The indigo wash is the closed set (fully expanded nodes). The brighter indigo cells are the open frontier. The warm-white line is the final path once the goal is reached.

The algorithms

All four share a single data structure — a SearchState — holding the frontier, closed set, predecessor map, and g-scores. A single step() call expands one node and returns Continue, Found(path), or NoPath. This makes it easy to compare them side-by-side without duplicating grid traversal logic.

BFS uses a FIFO queue. On a uniform-cost grid it always finds the shortest path. It expands layer by layer in all directions, which is visually distinctive — you’ll see a clean ripple spreading outward from the start.

Dijkstra uses a min-heap keyed by accumulated cost. On this grid (uniform cost of 1 per step) it is behaviorally identical to BFS, but the heap overhead makes it slower. Worth selecting to confirm the equivalence visually.

A* adds a heuristic to Dijkstra’s priority: f = g + h, where h is the Manhattan distance to the goal. This focuses the search toward the goal, dramatically reducing the number of nodes expanded compared to Dijkstra on open terrain. The heuristic is admissible — it never overestimates, so the found path is guaranteed optimal.

// A* priority: g (cost so far) + h (Manhattan distance to goal).
let f = new_g + manhattan(neighbor, goal);
self.heap.push(Reverse((f, neighbor.0, neighbor.1)));
// Manhattan distance — admissible for 4-connected grids.
fn manhattan(a: (usize, usize), b: (usize, usize)) -> u32 {
let dr = (a.0 as i32 - b.0 as i32).unsigned_abs();
let dc = (a.1 as i32 - b.1 as i32).unsigned_abs();
dr + dc
}

Greedy Best-First drops the g term entirely — it prioritizes purely by h. This makes it the fastest searcher visually (it rushes straight at the goal), but it is not optimal. Draw an L-shaped wall that forces a detour and watch Greedy find a longer path than A*.

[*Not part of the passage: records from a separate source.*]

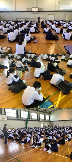 今日は自然教室の事前指導です。最初に実行委員会から自然教室のスローガンの説明、続いて日程の説明があり最後に荷物の忘れ物がないかチェックしました。
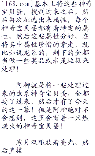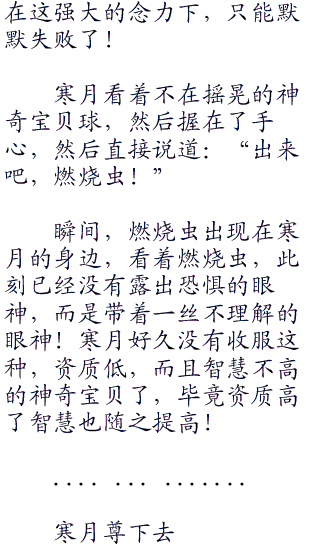 寒月清楚的知道,在神奇宝贝之中,虫系小精灵的数量绝对很多,一个森林之中,虫系的神奇宝贝一抓一大把,但是轮强大来说,虫系神奇宝贝还真没有几个强大的!
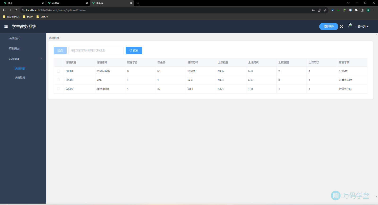3、本项目主要使用了SpringBoot、Mybatis-Plus、Redis、MySQL、JWT、Vue等,设计了后台端、教师端、学生端三端页面,主要实现了后台对教师、学院等的各项管理,查看操作日志;教师对专业、课程、学生的各项管理,对各门课程进行排课;学生可查看教师排完的课表,进行选修课抢课。
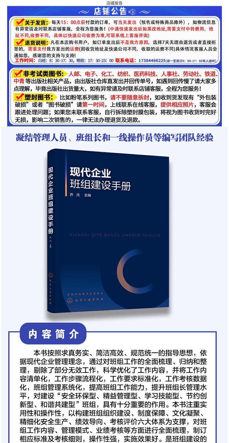 现代企业班组建设手册 国家能源集团企业建设手册系列 打造现代化先进工作团队应用书籍 煤化工 石油化工等企业员工培训参考书籍 化学工业出版社 9787122402370
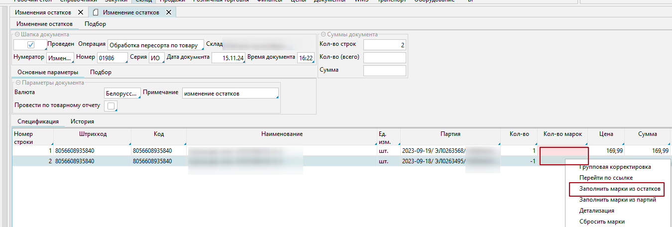 1. в документе где уже товар указан с обеими партиями - стать на колонку "Кол-во марок" , нажать правой клавишей мыши и в выпавшем меню выбрать пункт - "Заполнить марки из остатков". После этого марка будет указана в обеих строках товара.
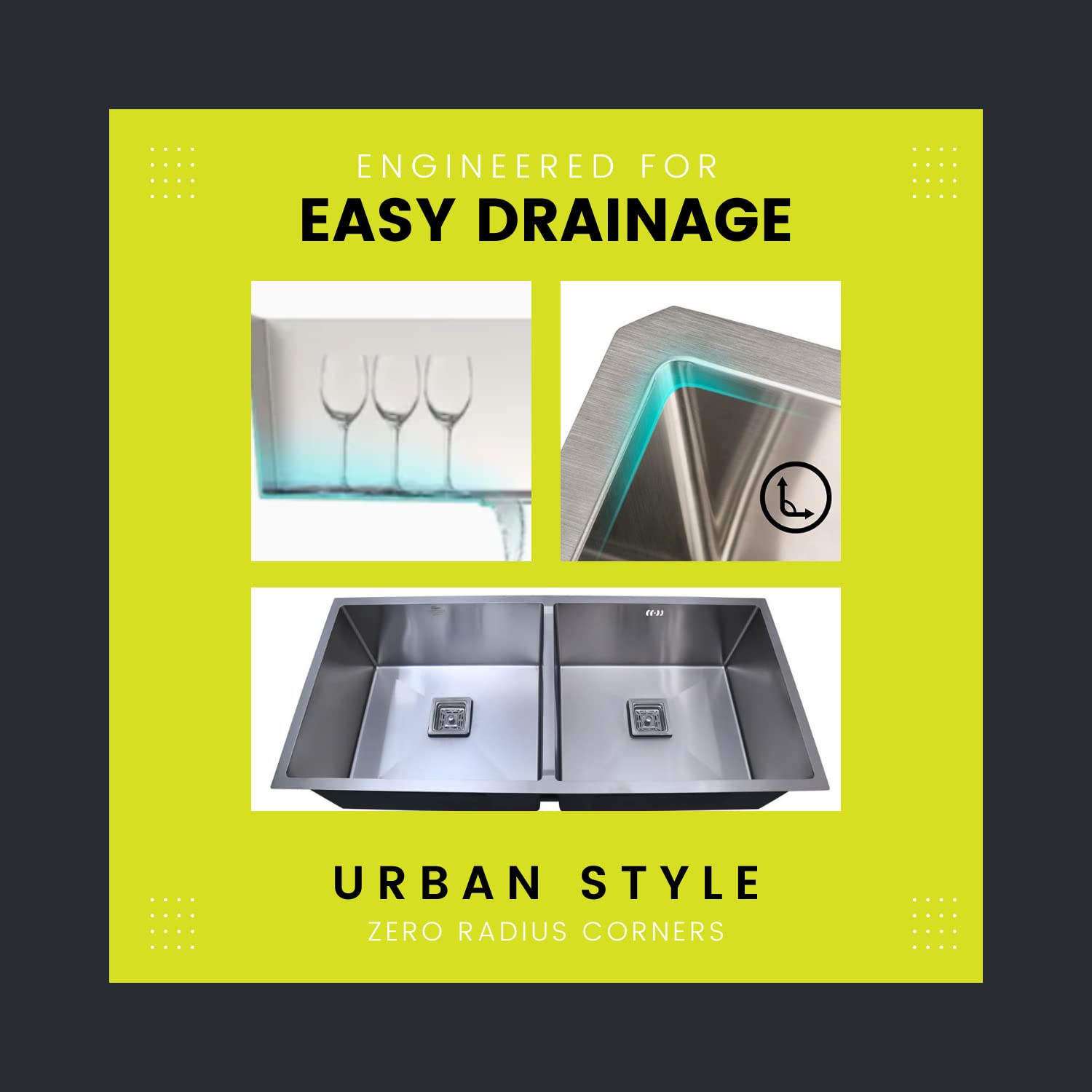 Spacious double bowl configuration (37x18 cm) allows for multitasking—wash in one bowl, rinse in the other. Designed with angled drainage, anti-clog basket, and noise reduction pads for a quiet, efficient kitchen experience.
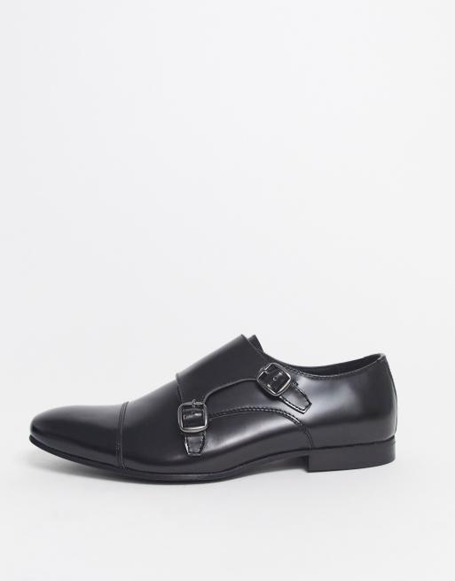 Walk London luca monk shoes in black high shine
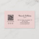 Modern Bakery Logo QR Social Media Icons Pink Business Card. Elevate your homemade bakery brand with this stylish and functional business card. Featuring a soft pink background, it allows you to create your own bakery’s logo, add a QR code for easy access to your website or menu, and customize social media icons to match your platforms. Perfect for small bakery owners, home-based bakers, and pastry chefs looking to leave a lasting impression. Personalize with your details to create a unique and professional look.

One implementation note: A* and Dijkstra both use lazy deletion from the heap. When a shorter path to a node is found, a new entry is pushed rather than updating the existing one. Stale entries are detected and skipped when popped:

// Skip stale heap entries (lazy deletion).
if self.closed_positions.contains(&current) {
return StepResult::Continue;
}

Building for the web with egui + eframe

The entire visualizer is a single Rust crate compiled to WebAssembly with wasm-pack. The egui immediate-mode model maps naturally to a game-loop: each frame the app rebuilds the UI from scratch based on current state, then egui diffs it against the previous frame. No virtual DOM, no useState cascades — state lives in a plain Rust struct.

eframe’s WebRunner takes a canvas element id and manages the event loop, input handling, and DPI scaling using ResizeObserver and devicePixelContentBoxSize (physical pixels, bypassing window.devicePixelRatio). The canvas sits in a React island that initializes the WASM module, hands off the canvas id, then gets out of the way.

The trade-off is real: egui uses its own font rasterizer and draws everything to a WebGL canvas. You lose native browser text rendering, system fonts, CSS transitions, and accessibility semantics. For a visualizer where the interaction model is the point, it is a reasonable trade. For anything content-heavy, it is the wrong tool.